Since a round of fare increases in 2012 doubled the one-way price of The Ride to $4, the T has drawn condemnation from riders and transportation advocates who argue that the increase — significantly more than the 23 percent average fare increase across the whole system — had a detrimental impact on the lives of the elderly and people with disabilities.

On Wednesday, transportation officials said they have heard the message loud and clear.

This time, they said, it will be the T’s priority to limit the impact that any further fare increases would have on users of The Ride. They agreed the hike had limited many people’s access to doctors, grocery stores, family, and beloved pastimes.

The likelihood of fare increases in July 2014 has been an all-but-foregone conclusion after state legislators passed a transportation finance package earlier this year. Although the package offered up millions to help the T close its immediate budget gap, it also mandated that the transit agency match the state funding increase by bolstering its own revenue base — money that comes primarily from advertising, real estate deals, and fare increases.

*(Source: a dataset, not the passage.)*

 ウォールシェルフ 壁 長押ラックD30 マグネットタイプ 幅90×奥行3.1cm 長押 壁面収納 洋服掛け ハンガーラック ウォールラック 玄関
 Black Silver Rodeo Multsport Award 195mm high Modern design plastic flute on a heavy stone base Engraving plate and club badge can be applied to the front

The new law states that the T is allowed to raise fares, at its most frequent, once every two years, meaning that the soonest another round of hikes could go into effect is July 2014.

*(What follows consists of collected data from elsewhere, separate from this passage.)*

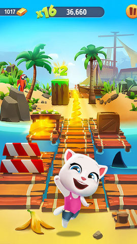 c.跑酷追强盗:卑鄙的浣熊贼偷走了金子。玩家可以夺回金条,为会说话的汤姆猫家族建造并升级神奇的家园。完成的家园将解锁可供玩家探索和跑酷的新场景。赶快开心跑酷吧。
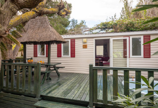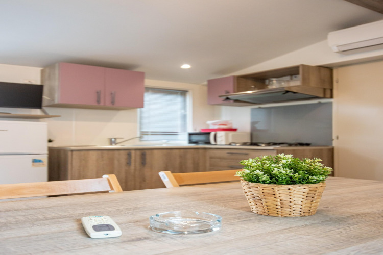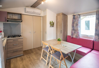 Je cottage is gezellig en praktisch ingericht, met plek voor tot 6 personen en drie slaapkamers op 29 m². Binnen vind je alles wat je nodig hebt voor een zorgeloos verblijf, zoals een microgolfoven voor snelle hapjes of maaltijden. Buiten heb je je eigen privétuintje – ideaal voor een aperitief bij zonsondergang, een rustige ontbijt of een avondlijk babbeltje onder de sterren. Je wagen kan je veilig op het domein parkeren, zo ben je altijd klaar voor een spontaan uitje.
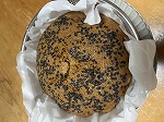 4…型に流し表面の全体的にゴマをふり、蓋に布巾をかけ蒸し器で30分蒸します。粉を合わせると、ブクブクと発泡するので、できるだけ早く蒸すのが大事!
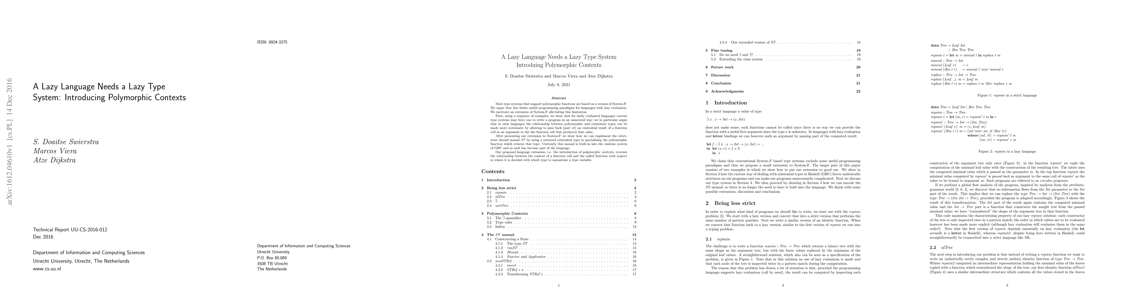 This paper proposes an extension to System-F to better support lazy evaluation in programming languages. It argues that current type systems force unnatural program structures in lazy languages and introduces polymorphic contexts to reverse the instantiation of type variables, improving the programming paradigm.

Fares may only be raised by a maximum average of 5 percent across the whole system, but how the T devises that average is up for debate: Some types of fares may increase more dramatically than others, a fact that officials are considering as they also hear proposals on implementing a youth or university discount pass.

On Wednesday, transportation officials said they were wary of putting any added burden on The Ride users. After the meeting, Scott acknowledged that the ticket increase for the paratransit service led to a more dramatic dropoff in ridership than T officials had imagined.

In public testimony at the beginning of the meeting, Barbara Mann, president of the North Shore chapter of the Massachusetts Senior Action Council, said transportation advocates had anticipated that senior citizens and disabled people would suffer significantly under the fare hikes. She cited the results of a report released last September by the Executive Office of Elder Affairs and the Massachusetts Office on Disability that surveyed more than 800 users of The Ride.

“Unfortunately, we were right. The hardship is severe, and the pain is real,” Mann said. “We have yet to hear a solution. It’s time to change that.”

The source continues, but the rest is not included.